Seuls quatre produits à base d’iodure de potassium sont approuvés par la FDA pour la commercialisation aux États-Unis :

  • Comprimés iOSAT, 130 mg, d’Anbex, Inc.
  • Comprimés ThyroSafe, 65 mg, de Recipharm AB
  • Solution orale ThyroShield 65 mg/mL de Arco Pharmaceuticals, LLC
  • Solution orale d’iodure de potassium USP 65 mg/mL par Mission Pharmacal Company

Une dose unique de 130 mg d’iodure de potassium, ou une dose de 56 mg pour les enfants de 3 à 12 ans, protège la thyroïde pendant environ 24 heures. Il doit être administré quotidiennement jusqu’à ce que le risque d’exposition n’existe plus.
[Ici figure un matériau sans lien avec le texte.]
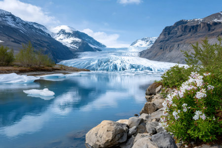 Glacier melting into a calm lake with snow-capped mountains and green plants under a blue sky
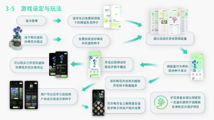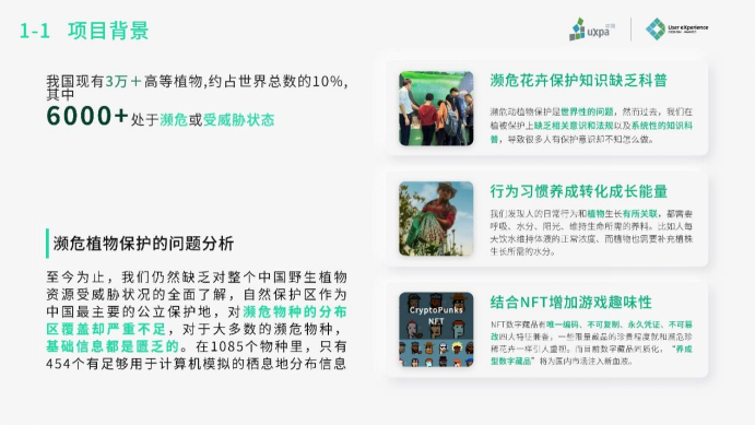 由于大众普遍缺乏一个系统的了解濒危花卉相关内容的平台,并对普通的科普方式不太容易接受,所以我们将游戏、NFT、行为习惯养成三者结合,在游戏中将濒危花卉保护意识潜移默化的科普给用户。
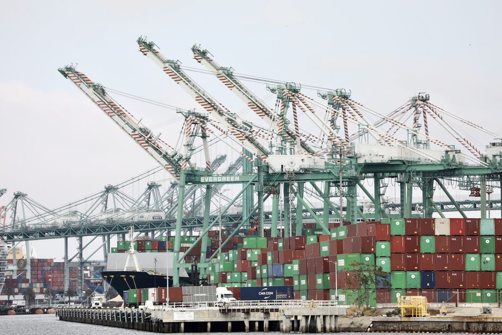 | Au port de Los Angeles, en Californie (États-Unis). |
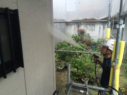 高倉町のH様宅を塗装しておられますのを見まして、日頃からH様とは懇意にして頂いておりましたので尋ねたことから、御社にお願い致しました。

Prendre une dose plus élevée que recommandée ou prendre une dose plus forte que recommandée n’offre pas plus de protection et peut entraîner une maladie grave ou la mort, prévient le CDC.

L’iodure de potassium n’est pas recommandé pour les personnes souffrant de certains problèmes de santé. Mais sinon, s’il est pris selon les recommandations, le médicament a très peu d’effets secondaires.

Si vous choisissez d’acheter de l’iodure de potassium pour le garder “au cas où”, Roach fait écho à la recommandation du CDC selon laquelle il ne doit être pris que sur l’avis des responsables de la santé publique ou de la gestion des urgences.

Maintenant c’est intéressant

L’exposition à l’iode radioactif augmente le risque de cancer de la thyroïde, mais c’est aussi un traitement pour certains types de cancer de la thyroïde. Le traitement est généralement administré après que la glande thyroïde a été retirée pour tuer les cellules cancéreuses.